Wages are not the only positive economic phenomenon which allows us to state that the fall of the capitalist form has not yet been reached. We could express this same concept by saying that socialism does not yet exist when a value is attributed to labour; and it is the same when any other commodity is attributed an exchange value.
A system of commercial exchange between free and autonomous enterprises such as might be supported by cooperators, syndicalists, libertarians, has no historical possibility nor any socialist character. It is even a step backward compared with numerous sectors already organised on a general scale in the bourgeois epoch, as required by technology and the complexity of social life. Socialism, or communism, means that the whole of society is a single association of producers and consumers.-Both Bordiga.
Gravediggers
6th April 2010, 19:28
I've been having a large debate with a strong supporter of laissez-faire and he believes that socialism can not generate any profit. I have explained that generally speaking, profit itself is not a central theme of socialism and that nonetheless since workers are given equal opportunity to contribute through their jobs, with benefits, profits can indeed exist, but nonetheless he remains skeptical and critical as well.
So how do profits play into socialism?
Short answer, profits have no part to play in socialism for the social relationship between capital and labour has no further purpose and been abolished along with the state, borders, classes and private/state ownership.
Long answer, socialism is about the global common ownership of the means of living, with free access to the wealth produced and distributed by the global community under the democratic control of the global community. With production of commodities being replaced by production for use there is no exchange(s) taking place between capital and labour with the creation of surplus value, from which profit originates.
Turinbaar
7th April 2010, 03:49
The worker's co-operative is a creation of the workers movement that was born in 1844, a few years before the manifesto's publishing, in england and has survived relatively unchanged as a model of labor organization through numerous depressions and crisis since. The medical marijuana co-operative farms and distribution centers in California were the main engine of taxable business keeping the state afloat during the 08' crisis.

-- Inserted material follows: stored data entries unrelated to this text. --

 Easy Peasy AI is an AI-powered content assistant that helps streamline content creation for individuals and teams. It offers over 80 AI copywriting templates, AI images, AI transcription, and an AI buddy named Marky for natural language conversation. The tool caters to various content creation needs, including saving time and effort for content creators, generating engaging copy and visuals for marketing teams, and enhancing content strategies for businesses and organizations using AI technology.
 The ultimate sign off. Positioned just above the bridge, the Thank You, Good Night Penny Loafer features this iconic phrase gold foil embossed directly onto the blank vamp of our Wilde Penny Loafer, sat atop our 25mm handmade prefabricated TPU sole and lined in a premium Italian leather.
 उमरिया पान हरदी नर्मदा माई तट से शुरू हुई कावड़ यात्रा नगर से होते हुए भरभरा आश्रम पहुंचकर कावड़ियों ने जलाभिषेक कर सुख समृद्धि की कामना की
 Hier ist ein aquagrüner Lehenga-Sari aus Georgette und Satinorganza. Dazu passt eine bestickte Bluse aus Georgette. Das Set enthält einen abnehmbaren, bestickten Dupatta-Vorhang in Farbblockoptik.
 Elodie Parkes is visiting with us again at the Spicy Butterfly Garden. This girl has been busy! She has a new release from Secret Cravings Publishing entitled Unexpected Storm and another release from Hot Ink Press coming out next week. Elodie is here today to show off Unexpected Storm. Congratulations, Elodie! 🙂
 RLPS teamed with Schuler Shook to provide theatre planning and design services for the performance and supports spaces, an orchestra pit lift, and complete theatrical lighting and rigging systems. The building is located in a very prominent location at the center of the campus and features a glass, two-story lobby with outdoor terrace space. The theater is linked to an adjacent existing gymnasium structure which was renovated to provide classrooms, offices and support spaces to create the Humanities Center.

I work in a member owned co-operative that was formed in 1938 called REI. Like all others, it is democratically controlled by the workers, though it retains profit as a motive, whose distribution is subject to the collective will of the workers. Workers can vote for higher pay rates, and health benefits, and elect or impeach members of the board of directors. REI has never been in debt, and has fared comparatively well in the market in recent years, when many capitalists became whining leaches of the state, precisely because the co-op avoids the stock market entirely and sells shares directly to the customer in the form of a membership account.
What President Obama should have done when arriving into office with a banking industry whose primary stock was owned by the state, was to fire and indict the leadership of the industry and remodel the ten major banks in the co-operative model, and restrict loans from those banks to those corporations who conformed and called popular elections and referendums among the workers. Those who refused could be allowed to continue failing and ultimately collapse under their own contradictions and in their place could rise the workers republic. Sadly, Obama is too cowardly to see a real road to change, so he sticks to convention and liberalism.